Sadly, though, concerts and radio formats continue to fight such integration of genres. And what’s worse, within rock, there remains an enormous amount of clique-ishness around narrowly (sometimes mysteriously) codified subgenres such as emo, thrash and death metal as well as all those things I don’t know names for but might call bratty punk, punkish metal, postgrunge and so forth. When we consider that most of these approaches can be traced back to sounds from the 60s, the fundamental goal of rock to excite and surprise the audience seems endangered.

That’s a big part of the reason why I’ve found myself obsessing over the significance of the Seeger Sessions concert. I hear it in dialogue with the rest of what’s going on in popular music. It’s hard to imagine how an artist could more alarmingly challenge everyone in popular music to rethink their prejudices and expectations. Lately it has become more apparent to me that one reason Springsteen has always been such a galvanizing character in pop music—inspiring cultish devotion at one end of the spectrum and knee jerk rejection at the other—is that ever since Bruce started pouring over old girl group records in the early 70s, he’s been a subversive of the most dangerous kind.

What is he not subverting with this tour? Virtually every song the band plays subverts the nostalgic vision of America that fuels today’s jingoism. He subverts the rock audience’s expectations by doing what I would call a great rock show with no lead electric guitar and lots of horns (heavy on trombone and tuba), accordion, banjo and 2 lead violins. He subverts the folk audience’s expectations by daring to deliver folk as a rock show with no reverence for traditionalist purism.

Perhaps most importantly in terms of direct impact, he subverts the Springsteen audience’s expectations. He delivers a show consistent with the themes, dynamics and impact of his classic E Street Band shows but by taking the “Springsteen character” out of the mix. He ditches all but a few of the more obscure songs from his catalogue (offering those few with nearly unrecognizeable arrangements), and actually changing his role from that of the star of the movie to something more like a director, or conductor, or ….camp leader.

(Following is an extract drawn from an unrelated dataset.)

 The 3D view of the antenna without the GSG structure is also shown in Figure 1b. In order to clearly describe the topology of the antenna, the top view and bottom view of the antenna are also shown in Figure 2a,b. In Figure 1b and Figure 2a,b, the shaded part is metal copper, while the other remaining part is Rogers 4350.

Key to all of this is that the lyricist Springsteen is all but gone, this show making its boldest statements musically. The Seeger Sessions band tosses about a dazzling array of sounds overlooked, forgotten, neglected or outright rejected by the mainstream currents of popular music. To name a bare minimum--ragtime and traces of western swing; norteno’s polkas with more than a dash of mariachi; jump blues, old time gospel and traces of free jazz. The net effect, the Bruce Springsteen concert experience recast as an adventurous and improbable hootenanny.

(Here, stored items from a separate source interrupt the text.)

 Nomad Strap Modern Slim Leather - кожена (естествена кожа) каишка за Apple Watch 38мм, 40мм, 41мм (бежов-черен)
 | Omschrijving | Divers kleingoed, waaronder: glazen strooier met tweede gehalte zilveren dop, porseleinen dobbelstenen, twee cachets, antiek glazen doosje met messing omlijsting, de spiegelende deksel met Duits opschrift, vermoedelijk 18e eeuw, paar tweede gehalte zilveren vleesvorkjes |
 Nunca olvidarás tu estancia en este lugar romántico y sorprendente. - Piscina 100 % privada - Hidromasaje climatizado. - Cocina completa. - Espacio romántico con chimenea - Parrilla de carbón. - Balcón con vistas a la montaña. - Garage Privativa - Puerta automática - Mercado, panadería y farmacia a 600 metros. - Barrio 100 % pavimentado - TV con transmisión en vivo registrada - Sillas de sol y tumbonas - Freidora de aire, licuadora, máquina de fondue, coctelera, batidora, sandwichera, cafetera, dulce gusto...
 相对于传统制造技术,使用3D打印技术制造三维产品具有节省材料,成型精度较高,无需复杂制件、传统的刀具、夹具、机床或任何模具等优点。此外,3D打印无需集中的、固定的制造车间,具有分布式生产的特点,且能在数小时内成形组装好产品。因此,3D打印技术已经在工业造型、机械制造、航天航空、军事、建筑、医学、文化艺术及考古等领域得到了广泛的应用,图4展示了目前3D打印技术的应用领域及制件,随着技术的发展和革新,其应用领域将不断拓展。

Anything I say about how this compares to the hard focus of the classic Springsteen shows cannot be accurate; it’s too qualitatively different and similar at the same time. I surprised myself by almost (I think “almost,” I certainly didn’t want to embarrass my kid right off the bat) weeping by the end of the opening number “John Henry.” Of all the Seeger Session songs, this is the one that has its deepest roots in my childhood, and the doomed but triumphant central character has been with me forever. But as the opening of the show, it became startlingly vivid how this song broadens the context of Springsteen’s career. All of its bravado, the simplicity and sophistication of its statement of the plight of every worker (particularly those—are there any other kind?--losing value to a new piece of technology), that great last verse about Polly that finds political solidarity in two individuals facing overwhelming circumstances—it’s “Born to Run,” “Youngstown” and “The River” (to pick somewhat arbitrarily from his canon) all rolled into one, and in its exuberance and promise, it’s the show to come writ large.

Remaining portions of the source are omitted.